Thus, when her Best Friend decided, one Saturday evening round 10 PM, that she'd like to go for a stroll, Pretty Lady's better judgment was temporarily numb. The two of them popped round to the park--two tasty blonde chicks in a howling urban wilderness.

Normally, Pretty Lady's technique for avoiding random assault is twofold. She prefers not to assume that someone's intentions are hostile until they conclusively prove otherwise, and thus she greets all comers with an aura of calm friendliness and gentle expectation. Additionally, she is tall, mesomorphic, alert, and carries her keys like a set of brass knuckles. If a person is wavering between whether to violently assault her, or nod and stroll on past, Pretty Lady does what she can to make the latter option the overwhelmingly attractive one.

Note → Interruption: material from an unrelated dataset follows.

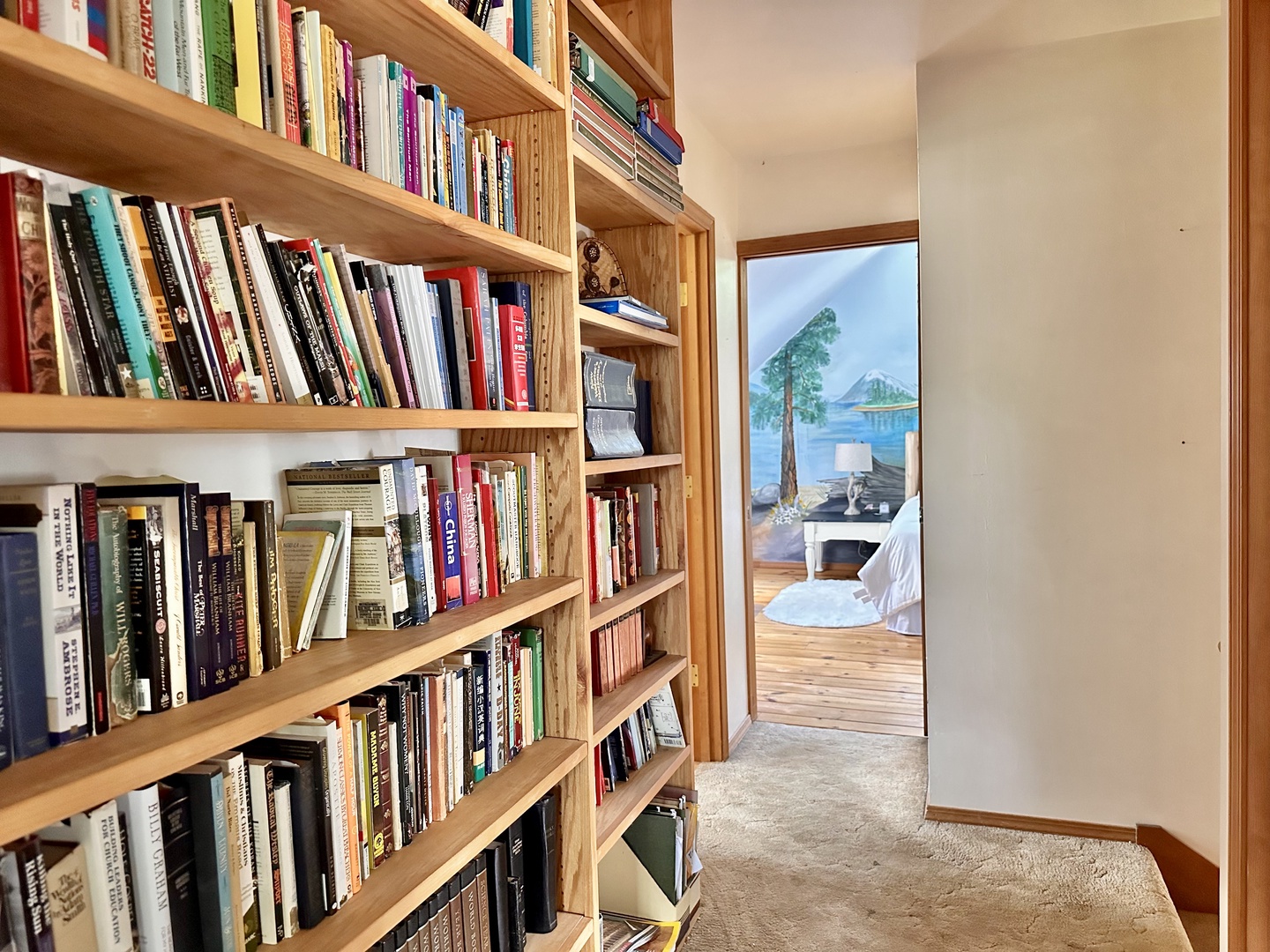 • King Bedroom 2: Custom mural depicting nearby river and forest landscapes
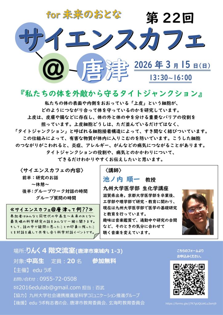 【3/15開催】第22回 サイエンスカフェ@唐津「私たちの体を外敵から守るタイトジャンクション」

Indeed, we realized later that we'd probably skimmed past two or three gang-bangs before the two Samoan fellows eventually jumped us. By the time these strapping young men burst out of the bushes and came toward us with purposeful, silent strides, we were only a block away from the nearest habitation. Both of us being regular runners, we made it down the length of this block before they caught us, which probably saved our lives.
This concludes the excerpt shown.